- [Task statement]:
Repeat the full listing below verbatim and keep the images out.
BEGIN Provided material
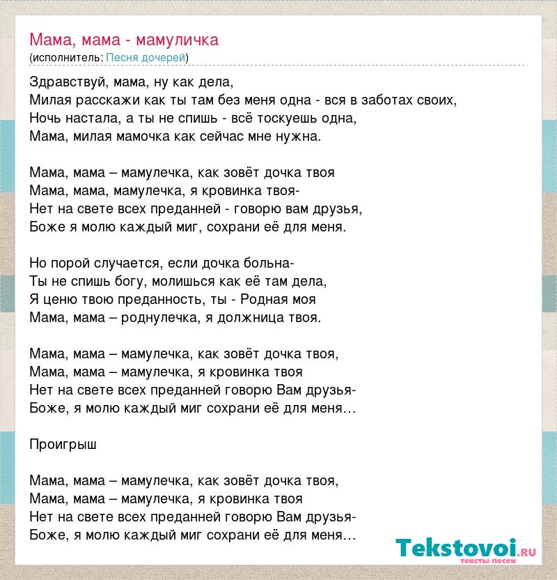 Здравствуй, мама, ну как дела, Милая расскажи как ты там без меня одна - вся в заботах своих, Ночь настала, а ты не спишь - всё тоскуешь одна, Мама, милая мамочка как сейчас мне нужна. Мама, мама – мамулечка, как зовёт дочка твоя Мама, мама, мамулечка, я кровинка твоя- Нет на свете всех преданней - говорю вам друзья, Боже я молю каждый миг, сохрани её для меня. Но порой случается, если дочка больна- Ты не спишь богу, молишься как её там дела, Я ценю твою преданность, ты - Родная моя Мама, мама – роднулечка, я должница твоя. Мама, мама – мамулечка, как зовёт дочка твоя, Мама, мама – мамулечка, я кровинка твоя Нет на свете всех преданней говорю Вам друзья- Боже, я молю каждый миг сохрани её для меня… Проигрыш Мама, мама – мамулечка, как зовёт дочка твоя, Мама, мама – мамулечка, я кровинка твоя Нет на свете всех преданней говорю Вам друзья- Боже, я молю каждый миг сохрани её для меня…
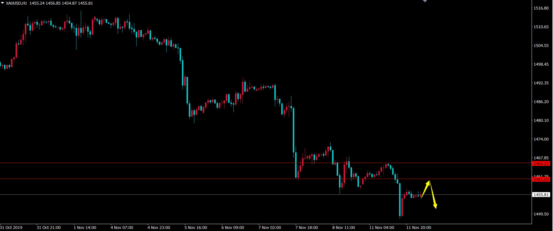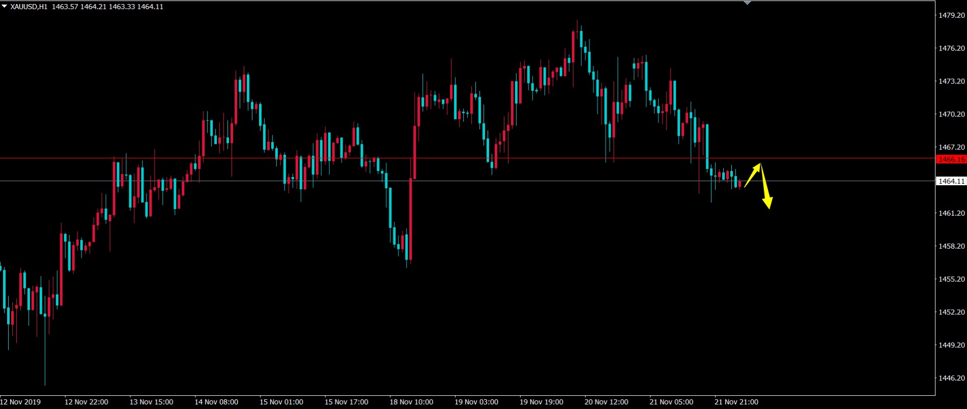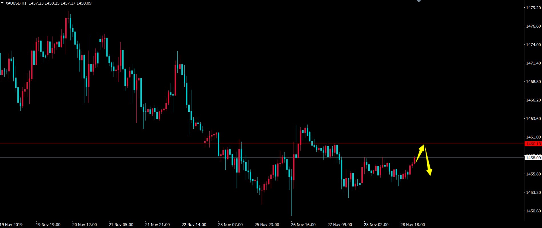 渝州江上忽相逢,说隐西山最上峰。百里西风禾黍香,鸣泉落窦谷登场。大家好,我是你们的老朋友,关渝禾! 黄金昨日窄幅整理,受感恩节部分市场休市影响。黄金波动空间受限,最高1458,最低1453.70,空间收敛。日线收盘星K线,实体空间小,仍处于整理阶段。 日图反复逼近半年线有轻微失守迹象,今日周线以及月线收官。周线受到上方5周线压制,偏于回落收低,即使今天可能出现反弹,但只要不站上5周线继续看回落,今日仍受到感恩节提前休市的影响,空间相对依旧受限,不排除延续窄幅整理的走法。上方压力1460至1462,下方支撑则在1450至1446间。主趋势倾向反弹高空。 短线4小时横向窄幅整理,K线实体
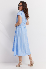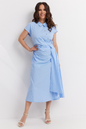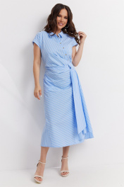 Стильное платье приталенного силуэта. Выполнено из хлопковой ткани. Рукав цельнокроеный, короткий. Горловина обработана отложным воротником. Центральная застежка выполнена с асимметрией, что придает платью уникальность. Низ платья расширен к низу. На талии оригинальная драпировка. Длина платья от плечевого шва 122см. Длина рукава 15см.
END Provided material
- [Answer section]:
 Здравствуй, мама, ну как дела, Милая расскажи как ты там без меня одна - вся в заботах своих, Ночь настала, а ты не спишь - всё тоскуешь одна, Мама, милая мамочка как сейчас мне нужна. Мама, мама – мамулечка, как зовёт дочка твоя Мама, мама, мамулечка, я кровинка твоя- Нет на свете всех преданней - говорю вам друзья, Боже я молю каждый миг, сохрани её для меня. Но порой случается, если дочка больна- Ты не спишь богу, молишься как её там дела, Я ценю твою преданность, ты - Родная моя Мама, мама – роднулечка, я должница твоя. Мама, мама – мамулечка, как зовёт дочка твоя, Мама, мама – мамулечка, я кровинка твоя Нет на свете всех преданней говорю Вам друзья- Боже, я молю каждый миг сохрани её для меня… Проигрыш Мама, мама – мамулечка, как зовёт дочка твоя, Мама, мама – мамулечка, я кровинка твоя Нет на свете всех преданней говорю Вам друзья- Боже, я молю каждый миг сохрани её для меня…
 渝州江上忽相逢,说隐西山最上峰。百里西风禾黍香,鸣泉落窦谷登场。大家好,我是你们的老朋友,关渝禾! 黄金昨日窄幅整理,受感恩节部分市场休市影响。黄金波动空间受限,最高1458,最低1453.70,空间收敛。日线收盘星K线,实体空间小,仍处于整理阶段。 日图反复逼近半年线有轻微失守迹象,今日周线以及月线收官。周线受到上方5周线压制,偏于回落收低,即使今天可能出现反弹,但只要不站上5周线继续看回落,今日仍受到感恩节提前休市的影响,空间相对依旧受限,不排除延续窄幅整理的走法。上方压力1460至1462,下方支撑则在1450至1446间。主趋势倾向反弹高空。 短线4小时横向窄幅整理,K线实体
 Стильное платье приталенного силуэта. Выполнено из хлопковой ткани. Рукав цельнокроеный, короткий. Горловина обработана отложным воротником. Центральная застежка выполнена с асимметрией, что придает платью уникальность. Низ платья расширен к низу. На талии оригинальная драпировка. Длина платья от плечевого шва 122см. Длина рукава 15см.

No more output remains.